Erin Rowell

Personal information
- Nationality: Australian
- Born: 19 January 1983 (age 43)

Sport
- Country: Australia
- Sport: Cycling
- Disability class: C4

Medal record
Women's para-cycling
Representing Australia
Track World Championships
| Gold medal – first place | 2025 Rio de Janeiro | Sprint C4 |
| Gold medal – first place | 2025 Rio de Janeiro | Mixed team sprint C1–5 |
| Bronze medal – third place | 2022 Saint-Quentin-en-Yvelines | 500 m Time Trial C5 |
| Bronze medal – third place | 2023 Glasgow | 500 m Time Trial C4 |
| Bronze medal – third place | 2025 Rio de Janeiro | Elimination C4 |

= Erin Rowell =

Australian Paralympic cyclist

Erin Rowell (née Normoyle) (born 19 January 1983) is an Australian para-cyclist, World Champion, World Championship medallist and Commonwealth Games medallist who represents Australia in international track cycling.

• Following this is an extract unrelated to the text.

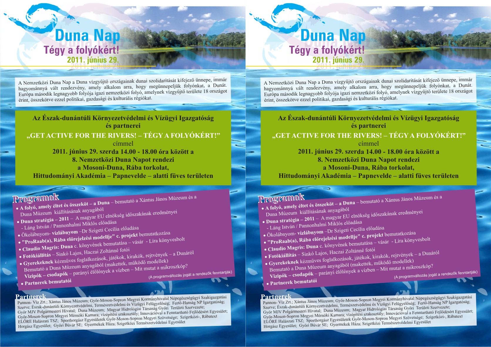Ennek az ügynek a fontosságára kíván rámutatni a győri Duna Nap-i program, ahol a Környezetvédelmi és Vízügyi Igazgatóság szakmai partnereivel egy kellemes nyári délutáni vízparti találkozóra várja a győrieket. A programok között szerepel régi dunai mesterségek bemutatója, fotókiállítás, ismeretterjesztő előadások - szó lesz a Duna stratégiáról, az ökolábnyom és vízlábnyom jelentőségéről -, lesz horgász- halász bemutató, biológiai és bakteriológiai vízvizsgálatok. Kiállításra kerül és a helyszínen megvásárolható lesz Claudio Magris Duna c. könyve. A partnerek részéről további sokszínű, sokoldalú információt talál a látogató a Dunával a vizekkel kapcsolatosan.

Rowell has won a UCI Para-cycling Track World Championship title, as well as medals across multiple World Championships. In 2026, she represented Australia at the Commonwealth Games in Glasgow, winning bronze in the women’s C4/C5 1000 m time trial and finishing fourth in the 4000 m individual pursuit.

Before transitioning to elite cycling, Rowell competed internationally in motocross.

==Personal==
In 2010, she was involved in a serious head-on motor vehicle accident near Red Bud, Illinois. She suffered multiple fractures to her leg, as well as chest and rib injuries. Rowell with her husband Ryan operate in the TORQ F1T fitness centre in Torquay, Victoria.

==Sport==
In 2004, Rowell moved to the United States to pursue a career in motocross, competing internationally while also furthering her modelling career.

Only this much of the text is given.